I primi film sonori italiani furono realizzati dalla Cines nel 1930: "La canzone dell'amore" di
Gennaro Righelli. Il primo, in particolare, fu un successo internazionale, come film e soprattutto
come canzone. Sull'onda di tale successo, fu proprio la "commedia con canzoni" il genere su cui
puntò la cinematografia italiana per rispondere allo strapotere di Hollywood, già allora
predominante in Italia e in Europa.
Il divario di mezzi e risorse rispetto al cinema americano era però incolmabile, e si ricercò la co-
produzione internazionale, in particolare con la Germania. Dal legame con il cinema tedesco
nacquero infatti film come "La segretaria privata" (1931) di Goffredo Alessandrini, con Elsa
Merlini e Nino Besozzi, e "La telefonista" (1932) di Nunzio Malasomma: era l'inizio del filone
dei "telefoni bianchi". Contemporaneamente, Mario Camerini dirigeva "Gli uomini, che
mascalzoni..." (1932), variante sullo stesso filone, portata al successo dalla canzone "Parlami
d'amore Mariù" (di Bixio e Cherubini), interpretata dalla stella emergente Vittorio De Sica. Fu
questo l'unico film italiano in concorso alla prima Mostra del Cinema di Venezia, istituita nello
stesso 1932. Furono proprio i film di Camerini, insieme a quelli di Blasetti, a segnare una prima
rinascita del cinema italiano dopo la crisi del decennio precedente.

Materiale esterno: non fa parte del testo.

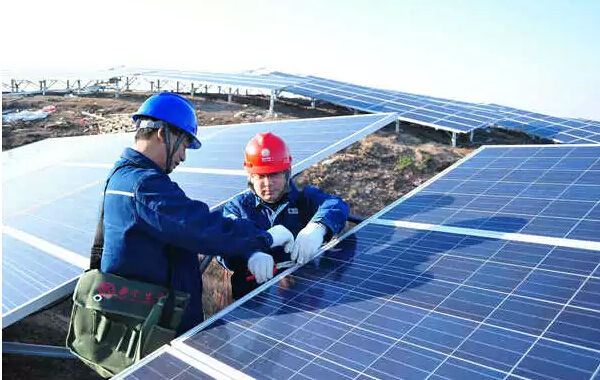 電網(wǎng)員工服務(wù)新能源項目并網(wǎng)。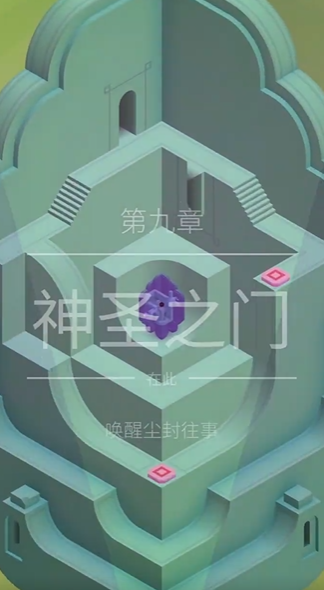 关卡后半段需要综合利用攀爬与旋转。控制角色爬上右侧梯子的最高点,然后旋转下方的机关。旋转后,沿着新生成的路线向下走,直到抵达一个黄色的方块位置。这一过程考验玩家对三维空间路径连接的预判,旋转机关的目的在于将原本无法通行的梯子与平台连接起来。当角色到达黄色方块位置并触发机关后,旋转上方的机关,使角色能够沿着路线向上走。走到顶端后向右转,直至道路尽头,此时再旋转一次机关,便能将最后一段道路接通,角色即可顺利步入最终的传送点,完成第九章神圣之门的全部挑战。

A tale rinascita contribuirono poi anche le iniziative del regime fascista, in particolare il Centro
Sperimentale di Cinematografia (1935) e Cinecittà (1937): il cinema italiano divenne presto
un'industria capace di produrre ottanta pellicole l'anno e di generare divi come Amedeo Nazzari,
Assia Noris e Alida Valli. L'interesse del regime per questo settore era però finalizzato
soprattutto alla propaganda: per Mussolini, il cinema era "l'arma più forte", il mezzo ideale per
diffondere e celebrare la sua immagine e quella del fascismo, di cui doveva veicolare i valori e le
prospettive. Non a caso, già nel 1924 era nata L'Unione Cinematografica Educativa (poi nota
come Istituto LUCE), l'ente incaricato di realizzare e diffondere i cinegiornali e i documentari
del regime.
Tra i film più direttamente associati alla propaganda fascista si ricordano pellicole come
"Scipione l'Africano" (1937) di Carmine Gallone, "Luciano Serra pilota" (1938) e "Abuna
Messias" (1939) di Goffredo Alessandrini, che esaltavano la politica imperialista del regime e in
particolare la Guerra d'Etiopia.
Nel giro di qualche anno però, il cinema di propaganda perse il suo potere di fascinazione sul
pubblico, soprattutto da quando gli esiti nefasti* del secondo conflitto mondiale cominciarono ad
essere evidenti ai più, mentre il filone dei "telefoni bianchi" veniva soppiantato da commedie più
realistiche e in particolare dal fenomeno Totò.